CMIP7 parser functions for extracting metadata from netCDF files

Includes both a fast DRS parser (filename/directory only) and a complete parser that opens netCDF files to extract all metadata.

parse_cmip7_complete(file, **kwargs) #

Complete parser for CMIP7 files

This parser loads each file and extracts all available metadata from netCDF global attributes.

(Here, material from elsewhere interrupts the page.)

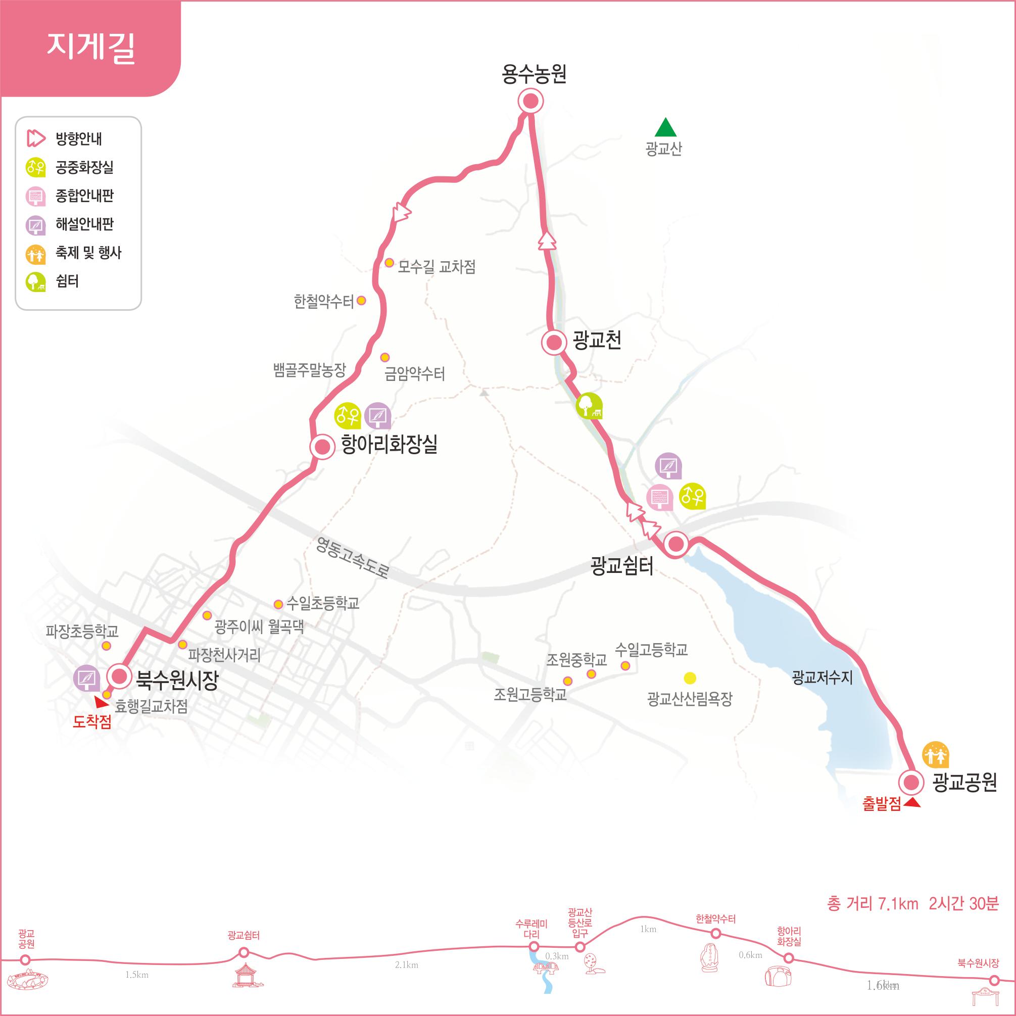 지게길은 예전에 광교산에 나무하러 가던 길이라고 하는데요, 위 지도에서 보듯이 광교호수와 광교천을 따라 걷다가 광교산을 살짝 넘어서는 파장동으로 내려가는 길입니다. 원래 광교저수지 옆길은 봄 벚꽃길로도, 그리고 그냥 산책하러도 와 본 적이 있는 길이라 좀 익숙한 편인데요. 광교천을 따라 올라갔다가 광교산을 넘는 건.... 등산이나 오르막 자체를 좋아하지 않다 보니... 그리고 이 수원팔색길을 걸으면서 처음으로 등산을 하는 거라 조금 걱정을 했습니다만... 생각보다 높진 않고, 금방 파장동 쪽 방향으로 내리막만 존재해서 좀 편하게 걸었던 기억이 나네요.

For some filesystems this may be slow, as it involves a lot of I/O operations.

Parameters:

Name Type Description Default
file str

File to parse

required
kwargs Any

Additional keyword arguments (not used, but required for compatibility)

{}

Returns:

Type Description
dict[str, Any]

Dictionary with extracted metadata

Source code in packages/climate-ref/src/climate_ref/datasets/cmip7_parsers.py
def parse_cmip7_complete(file: str, **kwargs: Any) -> dict[str, Any]:
    """
    Complete parser for CMIP7 files

    This parser loads each file and extracts all available metadata
    from netCDF global attributes.

    For some filesystems this may be slow, as it involves a lot of I/O operations.

    Parameters
    ----------
    file
        File to parse
    kwargs
        Additional keyword arguments (not used, but required for compatibility)

    Returns
    -------
    :
        Dictionary with extracted metadata
    """
    # We don't extract all attributes (subvalues of the branding_suffix and variant_label components)
    # These can be added later if needed or derived
    try:
        with netCDF4.Dataset(file, "r") as ds:
            start_time, end_time = read_time_bounds(ds)
            time_units, calendar = read_time_metadata(ds)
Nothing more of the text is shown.